Entre as barragens já enquadradas na Política Nacional de Segurança de Barragens, aproximadamente 8.797 atendem aos requisitos de segurança, enquanto 6.609 possuem dano potencial associado médio ou alto ou apresentam categoria elevada de risco operacional.
Acidentes continuam acontecendo
Mesmo após as mudanças promovidas nos últimos anos, acidentes envolvendo barragens continuam sendo registrados no Brasil.
Durante 2025, ocorreram 18 acidentes e 23 incidentes, segundo o relatório da ANA. Nenhum deles provocou mortes, mas houve evacuações preventivas, além de danos em estradas, pontes e outras estruturas públicas.
Nos acidentes ocorre o rompimento ou colapso da estrutura. Já os incidentes representam falhas que aumentam o risco de um rompimento caso não sejam corrigidas.
Fiscalização enfrenta déficit de profissionais
O relatório também revela uma preocupação adicional: a redução das equipes responsáveis pela fiscalização.
Pela primeira vez desde a tragédia de Brumadinho, diminuiu o número de servidores dedicados à segurança de barragens. Atualmente, os 33 órgãos fiscalizadores contam com 333 profissionais, sendo apenas 161 exclusivos para essa atividade.
Segundo a ANA, seriam necessários pelo menos 221 profissionais adicionais para que as equipes alcançassem o tamanho considerado adequado para uma fiscalização eficiente.
Apesar da limitação de pessoal, as inspeções aumentaram em relação ao ano anterior, demonstrando o esforço técnico das equipes responsáveis pelo monitoramento dessas estruturas.
As lições de Mariana e Brumadinho ainda ecoam
As tragédias de Mariana e Brumadinho mudaram definitivamente o debate sobre segurança de barragens no Brasil. Além das centenas de vidas perdidas, milhares de pessoas ficaram sem moradia, perderam suas fontes de renda e convivem até hoje com os impactos ambientais provocados pela contaminação dos rios Doce e Paraopeba.

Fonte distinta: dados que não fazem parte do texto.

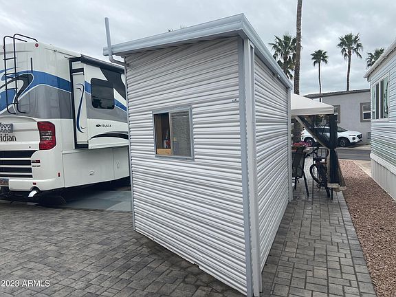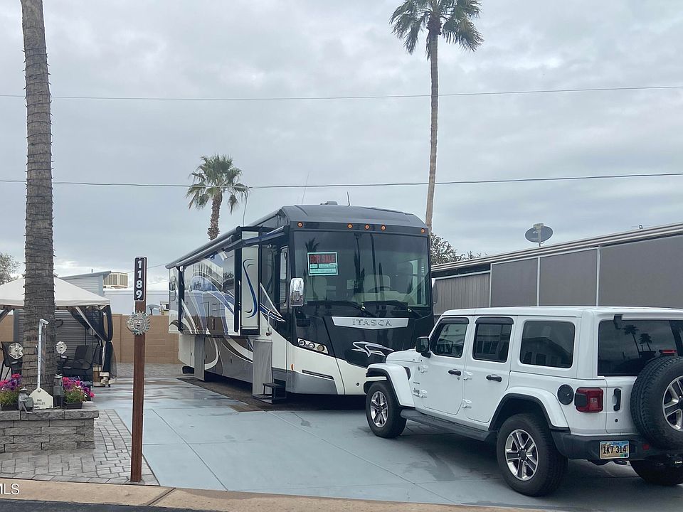 Here is the RV lot you have been looking for! Large enough to park the biggest motor coach or the perfect location to build your exceptional winter home! This lot will not disappoint! Spacious shed with washer/dryer! Gazebo is included and all patio furniture. Nicely finished with a mixture of cement and pavers. Drip system in place to water your winter flowers at the roadside! North/ south facing for the perfect mix of sun and shade in the best RV park in the valley! This lot is easy in and easy out! Come enjoy the Arizona sunshine!
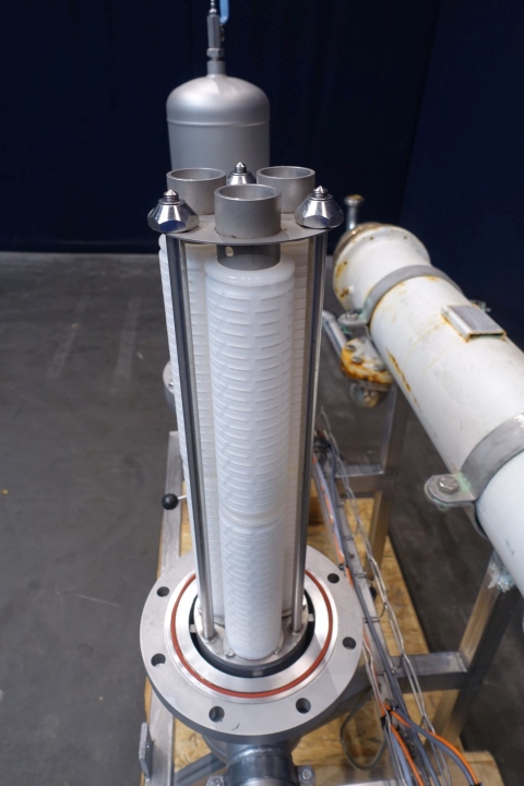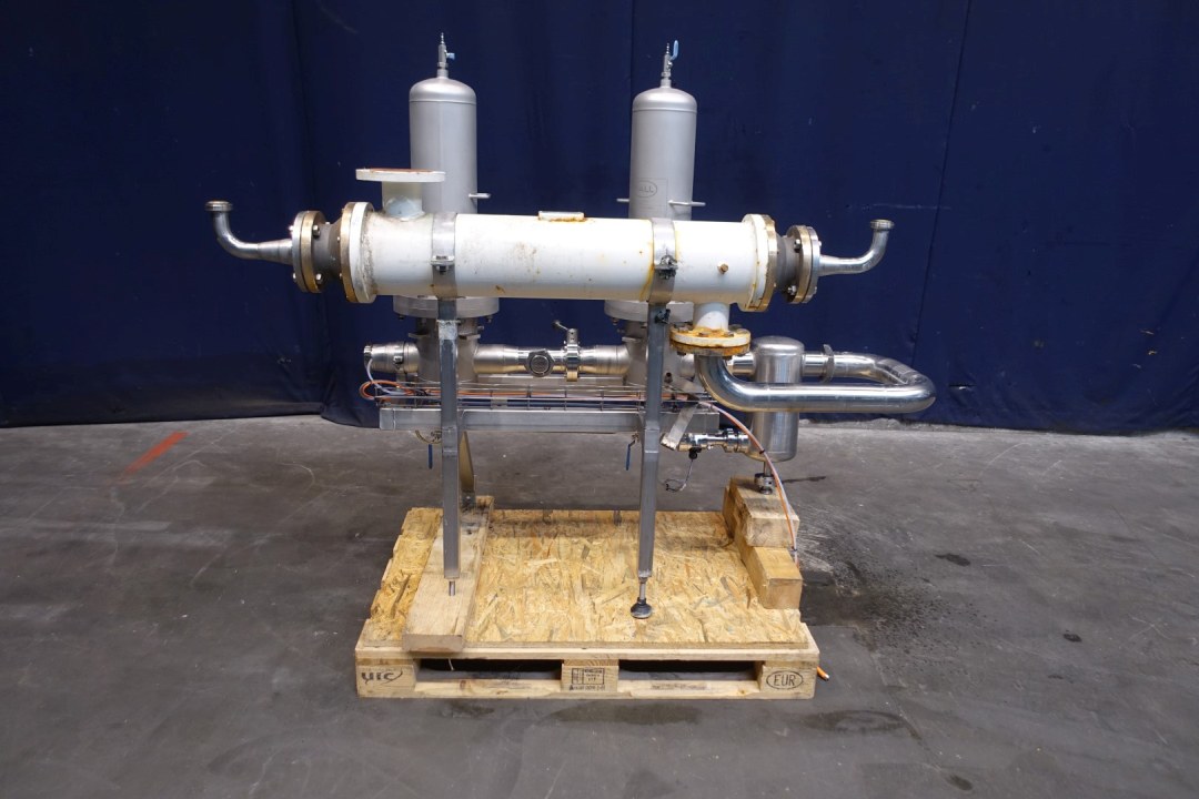 Air Filters 2 pieces on a skid. Stainless steel housing. Each filterhouse with 3 filters. Temperature up to 140°C, 5bar. Skid with pressure transmitter and tubular heat exchanger. Total dimensions: 180x65x150 mm (lxwxh) - weight: 284 kg's.

O novo relatório da ANA demonstra que houve avanços importantes na legislação, no cadastramento das estruturas e nas ações de fiscalização. No entanto, também evidencia que ainda existem desafios relevantes para garantir o monitoramento adequado de milhares de barragens espalhadas pelo país.
Enquanto centenas de estruturas permanecerem classificadas como prioritárias e quase metade das barragens brasileiras ainda não possuir informações completas sobre seu nível de risco, a lembrança de Mariana e Brumadinho continuará servindo como um alerta permanente de que prevenção, fiscalização e transparência precisam estar acima de qualquer interesse econômico.